-- Supplied material --
__________
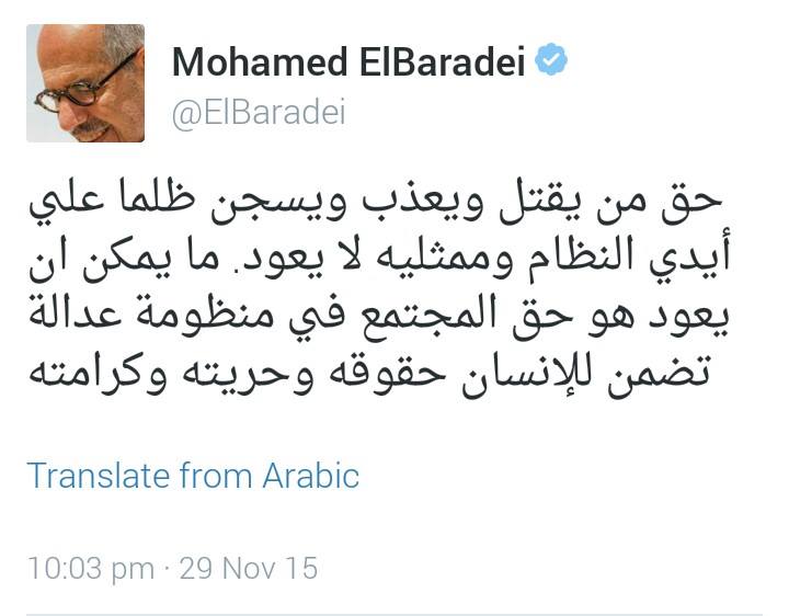 وقال البرادعي في تغريدته: “حق من يُقتل ويُعذب ويُسجن ظلما على أيدي النظام وممثليه لا يعود. ما يمكن أن يعود هو حق المجتمع في منظومة عدالة تضمن للإنسان حقوقه وحريته وكرامته”.
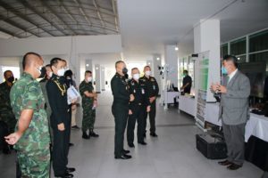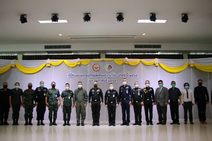 วันนี้ 23 กุมภาพันธ์ 2565 เวลา 09.00 น. ที่ห้องประชุมปฐมภาคย์ มณฑลทหารบกที่ 42 ค่ายเสนาณรงค์ อำเภอหาดใหญ่ จังหวัดสงขลา พลโท สมเกียรติ สัมพันธ์ เจ้ากรมวิทยาศาสตร์ และเทคโนโลยีกลาโหม เป็นประธานพิธีส่งมอบยุทโธปกรณ์พิเศษผลงานวิจัย ให้แก่กองอำนวยการรักษาความมั่นคงภายในภาค 4 ส่วนหน้า เพื่อสนับสนุนการปฎิบัติหน้าที่ในพื้นที่จังหวัดชายแดนภาคใต้ ดูแลความปลอดภัยทั้งชีวิตและทรัพย์สินแก่พี่น้องประชาชนตลอดจนกำลังพล ตามนโยบายของ พลเอก ประยุทธ์ จันทร์โอชา นายกรัฐมนตรี / รัฐมนตรีว่าการกระทรวงกลาโหม ก่อนร่วมรับชมการสาธิตผลงานวิจัย โดยมี พลตรี ประเสริฐ กิตติรัต ผู้บัญชาการมณฑลทหารบกที่ 42 / ผู้อำนวยการศูนย์ป้องกันและแก้ไขปัญหายาเสพติด กองอำนวยการรักษาความมั่นคงภายในภาค 4 ส่วนหน้า, คณะผู้บังคับบัญชา กรมวิทยาศาสตร์และเทคโนโลยีกลาโหม, คณะผู้บังคับบัญชาจากกองอำนวยการรักษาความมั่นคงภายในภาค 4 ส่วนหน้า, ตลอดจนหน่วยเฉพาะกิจในพื้นที่เข้าร่วมรับมอบ พร้อมพบปะพูดคุยหารือถึงยุทโธปกรณ์พิเศษผลงานวิจัยที่ได้รับ ภายใต้มาตรการป้องกันการแพร่ระบาดของเชื้อไวรัสโควิด-19 อย่างเคร่งครัด
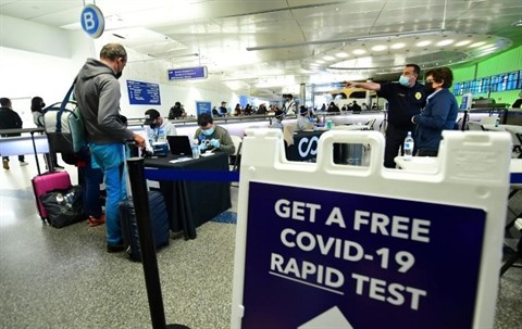 | Un panneau proposant des tests COVID rapides pour les voyageurs arrivant de pays touchés par le nouveau variant Omicron, le 3 décembre. |
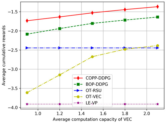 Figure 7 shows the comparison of all five algorithms with different computation capacities of VEC . We set the range of average computation capacity of all available VECs as [0.9, 1.2, 1.5, 1.8, 2.1] GHz. The curves of OT-RSU and LE-VP show that although the computational capacity of VECs is time-varying, the performances of these two algorithms cannot be affected because the average cumulative rewards of them are independent of the computational capacity of V2V. The performances of COPP-DDPG and BOP-DDPG are better than those of other algorithms due to their outstanding learning ability.
__________
-- Instructions to follow --
Copy the lines above exactly. Do not include pictures.

-- Response to the exercise --
 وقال البرادعي في تغريدته: “حق من يُقتل ويُعذب ويُسجن ظلما على أيدي النظام وممثليه لا يعود. ما يمكن أن يعود هو حق المجتمع في منظومة عدالة تضمن للإنسان حقوقه وحريته وكرامته”.
 วันนี้ 23 กุมภาพันธ์ 2565 เวลา 09.00 น. ที่ห้องประชุมปฐมภาคย์ มณฑลทหารบกที่ 42 ค่ายเสนาณรงค์ อำเภอหาดใหญ่ จังหวัดสงขลา พลโท สมเกียรติ สัมพันธ์ เจ้ากรมวิทยาศาสตร์ และเทคโนโลยีกลาโหม เป็นประธานพิธีส่งมอบยุทโธปกรณ์พิเศษผลงานวิจัย ให้แก่กองอำนวยการรักษาความมั่นคงภายในภาค 4 ส่วนหน้า เพื่อสนับสนุนการปฎิบัติหน้าที่ในพื้นที่จังหวัดชายแดนภาคใต้ ดูแลความปลอดภัยทั้งชีวิตและทรัพย์สินแก่พี่น้องประชาชนตลอดจนกำลังพล ตามนโยบายของ พลเอก ประยุทธ์ จันทร์โอชา นายกรัฐมนตรี / รัฐมนตรีว่าการกระทรวงกลาโหม ก่อนร่วมรับชมการสาธิตผลงานวิจัย โดยมี พลตรี ประเสริฐ กิตติรัต ผู้บัญชาการมณฑลทหารบกที่ 42 / ผู้อำนวยการศูนย์ป้องกันและแก้ไขปัญหายาเสพติด กองอำนวยการรักษาความมั่นคงภายในภาค 4 ส่วนหน้า, คณะผู้บังคับบัญชา กรมวิทยาศาสตร์และเทคโนโลยีกลาโหม, คณะผู้บังคับบัญชาจากกองอำนวยการรักษาความมั่นคงภายในภาค 4 ส่วนหน้า, ตลอดจนหน่วยเฉพาะกิจในพื้นที่เข้าร่วมรับมอบ พร้อมพบปะพูดคุยหารือถึงยุทโธปกรณ์พิเศษผลงานวิจัยที่ได้รับ ภายใต้มาตรการป้องกันการแพร่ระบาดของเชื้อไวรัสโควิด-19 อย่างเคร่งครัด
 | Un panneau proposant des tests COVID rapides pour les voyageurs arrivant de pays touchés par le nouveau variant Omicron, le 3 décembre. |
 Figure 7 shows the comparison of all five algorithms with different computation capacities of VEC . We set the range of average computation capacity of all available VECs as [0.9, 1.2, 1.5, 1.8, 2.1] GHz. The curves of OT-RSU and LE-VP show that although the computational capacity of VECs is time-varying, the performances of these two algorithms cannot be affected because the average cumulative rewards of them are independent of the computational capacity of V2V. The performances of COPP-DDPG and BOP-DDPG are better than those of other algorithms due to their outstanding learning ability.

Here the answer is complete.